Obviously I don't have a dog in the race of how other people raise their own kids, so I'm a little hesitant to wade in to you guys' discussion.

That said, I mean:

"...If my parents said they were limiting my internet I would've laughed in their face..."

???

If I had witnessed an exchange between parents and their child where the child "...laughed in their face...", I'm certain I would not have characterize whatever parenting style those parents were using as "good".

It would have rediculous for my parents to suggest it. They trusted me to drive around pretty much anywhere and hold a job without getting in much trouble. How much more dangerous could the internet be than driving through a sketchy area.

Their trust made me far more responsible than I would have been if they tried to treat me like a child when I was in my mid-late teens. I knew if I screwed up it was on me and would've felt bad that they misplaced their trust. Kids loooovvveee being treated like adults, I wish more people would use that as leverage.

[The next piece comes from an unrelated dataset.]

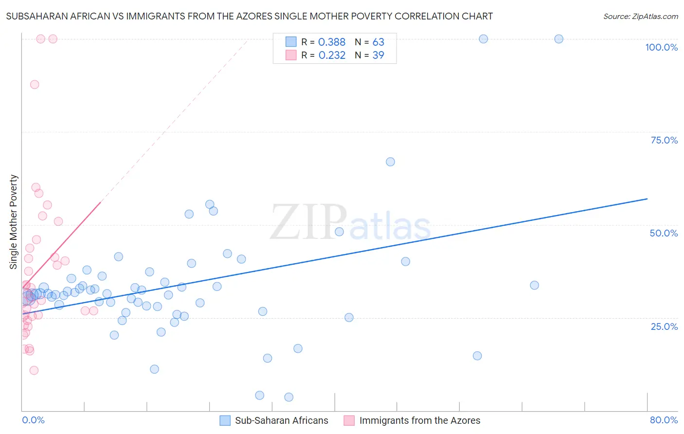 Subsaharan African vs Immigrants from the Azores Single Mother Poverty Correlation Chart

I think many parents these days make the transition from guardian to mentor years too late

Indeed.

Secondly, lowest common denominator often creates difficult scenarios.

What I was capable of, at say age 14, was not the norm.

Fortunately, I lived in a time and place where that was accepted and there were few issues.

I once spent a few months writing assembly language. I heard get outside a few times, but that was it.

Later, spent another one fixing an old car, to be my first.

Then, out alone in the deep woods with a friend for a few days.

It was like that growing up. A wide range of experiences. Some easy, others not so easy. Danger was present. One paid attention, or faced it.

So pay attention. Rough, but valuable.

When I parented, I faced similar. Ran it about the same way. Some of my kids could handle it. Others could not, or did later.

The one who really could, a lor like me in that, currently travels the world.

Good.

While I can't speak to 'all parents', I can say that as a parent of five, kids develop significantly differently. We've been treating our oldest daughter as basically an adult since she was 13 or 14; the next-oldest is getting there, at 15. Next couple down the line we have to monitor more closely.
I think you raise a good point that children grow into the responsibility they’re given.
Other comment here correctly clarifies point of agreement.